Submitted to: Journal of Applied Microbiology
Publication Type: Peer reviewed journal
Publication Acceptance Date: 7/1/2004
Publication Date: 10/1/2004
Citation: Chang, P.-K., Wilson, R.A., Keller, N.P., Cleveland, T.E. 2004. Deletion of the delta 12-oleic acid desaturase gene of a non-aflatoxigenic Aspergillus parasiticus field isolate affects conidiation and sclerotial development. Journal of Applied Microbiology. 97:1178-1184. Interpretive Summary: Oil-rich crops such as corn, peanuts, cottonseed, and tree nuts are often infested before harvest by Aspergillus flavus and Aspergillus parasiticus. These fungi produce cancer-causing aflatoxins, which are strictly regulated for both animal feed and food destined for human consumption due to health concerns. Limited uses of contaminated agricultural commodities greatly reduce the profitability of farmers. One method for the reduction of aflatoxin contamination is through field application of atoxigenic Aspergillus strains to displace toxigenic strains. The success of the biocontrol method lies in the fitness of applied biopesticides in the field. Fungal fitness can be defined in terms of its ability to reproduce quickly, to disseminate widely, to colonize the host plants efficiently, and to survive harsh environments, such as heat, cold, arid soil conditions, and drastic temperature changes. In this study, we investigated how fatty acid metabolism affects the production and development of fungal propagules, conidia, and overwintering sclerotia. We showed that linoleic acid is a major determinant for the development of these propagules. Conditions that promote sclerotial development differ from those required to promote maximum conidia. Manipulation of content and availability of linoleic acid at different fungal growth phases might optimize conidial and sclerotial production hence increasing the efficacy of biocontrol Aspergillus species. Reduction of carcinogenic aflatoxins in agricultural commodities can greatly increase the profitability of farmers.

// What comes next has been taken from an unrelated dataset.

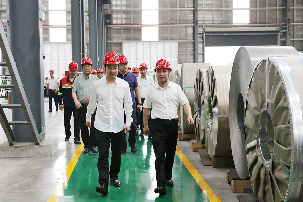 周祥祺一行还在姜海洪的带领下深入克虏伯二期项目现场,察看青拓不锈钢冷轧及深加工配套项目建设进展情况。姜海洪指出:该项目的顺利投产进一步丰富了青拓产业集群产品结构,将企业板材产品厚度最薄轧制至0.05毫米,具备市场竞争优势。

Technical Abstract: Aims: To investigate how linoleic acid affects conidial production and sclerotial development in a strictly mitotic Aspergillus parasiticus field isolate as related to improving biocompetitivity of atoxigenic Aspergillus species. Methods and Results: We disrupted A. parasiticus delta 12-oleic acid desaturase gene (odeA) responsible for the conversion of oleic acid to linoleic acid. We examined conidiation and sclerotial development of SRRC 2043 and three isogenic delta odeA mutants, either with or without supplementing linoleic acid, on one complex potato dextrose agar (PDA) medium and on two defined media: nitrate-containing Czapek agar (CZ) and Cove's ammonium medium (CVN). The delta odeA mutants produced much less conidia than the parental strain on all media. Linoleic acid supplementation (as sodium linoleate at 1- and 4 mM) restored the delta odeA conidial production comparable to or exceeding the parental level, and the effect was medium-dependent, with the highest increase on CVN and the least on PDA. SRRC 2043 and the delta odeA mutants were unable to produce sclerotia on CVN. On unsupplemented PDA and CZ, delta odeA sclerotial mass was comparable to that of SRRC 2043, but sclerotial number in odeA mutants increased significantly to 2- to 3-fold relative to SRRC 2043. Supplementing linoleic acid to media, in general, tended to decrease delta odeA sclerotial mass and sclerotial number, although some variations were observed. Conclusions: Linoleic acid stimulates conidial production, but it has an inhibitory effect on sclerotial development. The relationship between the two processes in A. parasiticus is complex and affected by multiple factors, such as fatty acid composition and nitrogen sources. Significant and Impact of Study: Conditions that promote sclerotial development differ from those required to promote maximum conidia. Manipulation of content and availability of linoleic acid at different fungal growth phases might optimize conidial and sclerotial production hence increasing the efficacy of biocompetitive Aspergillus species formulations.